How does heart transplant surgery work? - Roni Shanoada
Your heart beats more than 100,000 times a day. In just a minute, it pumps over five liters of blood throughout your body. But unlike skin and bones, the heart has a limited ability to repair itself. So if this organ is severely damaged, there’s often only one medical solution: replacing it.
Today, nearly 3,500 heart transplants are performed each year in a complex and intricate procedure with no room for error. The process begins by testing potential recipients to ensure they’re healthy enough for this demanding operation. Doctors are especially concerned with identifying immunocompromising illnesses or any other conditions that could compromise a patient's chance of survival.
The next step is to match an eligible recipient with a heart donor. Donors are often comatose patients with no chance of being resuscitated or victims of a fatal event whose hearts are still healthy. In both cases, these patients need to be registered as an organ donor or have their families give consent. And even when a heart is available, surgeons can’t just pair any donor with any recipient.

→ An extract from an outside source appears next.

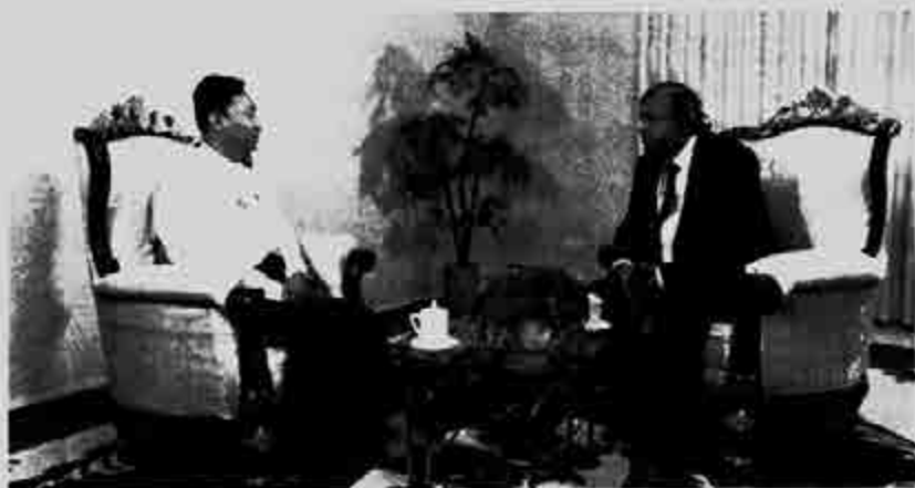
သူရဦးရွှေမန်းအား ဘီဘီစီမှ ၂၈-၇-၂၀၁၅ ဝက်နေ့တွင် သီးသန့်တွေ့ဆုံမေးမြန်းစဉ်

ဘီဘီစီ - ဟုတ်ကဲ့ပါခင်ဗျား ဒီ ၂၀၁၅ ပေါ့လေ၊ ဒီရွေးကောက်ပွဲဟာ ဥက္ကဋ္ဌကြီး အတွက် တယ်လောက်များ အရေးပါ ပါသလဲ ခင်ဗျား။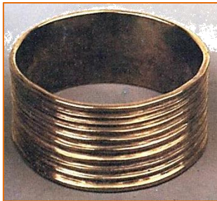
Brazalete de oro hallado en Getafe

Además se extrajeron huesos pertenecientes a animales característicos de diferentes épocas climáticas: mamut ( Mammuthus primigenius ), elefante antiguo ( Paleoloxodon antiquus ), ciervo, rinoceronte, etc. Ello demuestra la existencia de vida en la zona desde hace más de cien mil años. También existieron poblamientos humanos en el término municipal durante la Edad de los Metales.

The recipient’s immune system will view a transplanted heart as a foreign organism that must be attacked. So doctors need to match recipients with donors that share their blood type and have similar antigens. If a match can be made, the surgery can begin. Once the donor's heart is confirmed to be healthy, the organ is immersed in an ice slush and injected with a solution to induce cardiac arrest.
These treatments stop the heart from pumping to ensure it can be removed cleanly. Surgeons then place the organ in a mix of cold saline and preservation solution. This is when the clock starts. Disconnected from its blood supply, the heart’s cells start taking on damage from lack of oxygen. The organ will only remain viable outside the body for a few hours, so it needs to reach its recipient as fast as possible.
Once the heart arrives, the recipient is put under general anesthesia. The surgeon makes an incision down the length of the chest, cutting through the breastbone to separate the rib cage and expose the heart. To keep blood flowing while they remove the damaged organ, surgeons use a cardiopulmonary bypass machine. This takes over the heart's job, generating enough force to push blood through the patient's circulatory system.
After the old heart is removed, the surgeon begins sewing the donor heart into place. This is an incredibly precise process, where each blood vessel and artery must be carefully attached to avoid leaks. The procedure can last several hours, potentially longer if there’s scar tissue from previous surgeries. Once it’s finished, the bypass machine is turned off and blood is allowed to flow into the aorta.
Doctors carefully monitor the new heart to ensure it’s beating on its own before sewing the recipient back up. Even after the procedure is complete, there's still work to be done. Surgeons are unable to directly connect the heart to the recipient’s nervous system, and it can take years for the body to fully innervate the new organ.
During this period, the transplanted organ has a higher resting heart rate and risk of stroke, making exercise difficult and dangerous. And since it’s incredibly rare to find a perfect match between donor and recipient, the immune system will also have some response to the new heart. Immunosuppressive drugs can help manage the risk of rejection, but they also leave patients open to contracting dangerous infections.
It requires constant monitoring and testing to balance these two concerns. Despite these challenges, about 70% of heart transplant recipients survive for at least five years after the operation, and just over 20% live another 20 years. So when this procedure is successful, it's truly lifesaving. Unfortunately, people in developing countries are often unable to access this surgery, and many viable hearts can’t be donated due to legal and regulatory issues.
Thousands of people remain on waiting lists, and many are never able to find a suitable donor.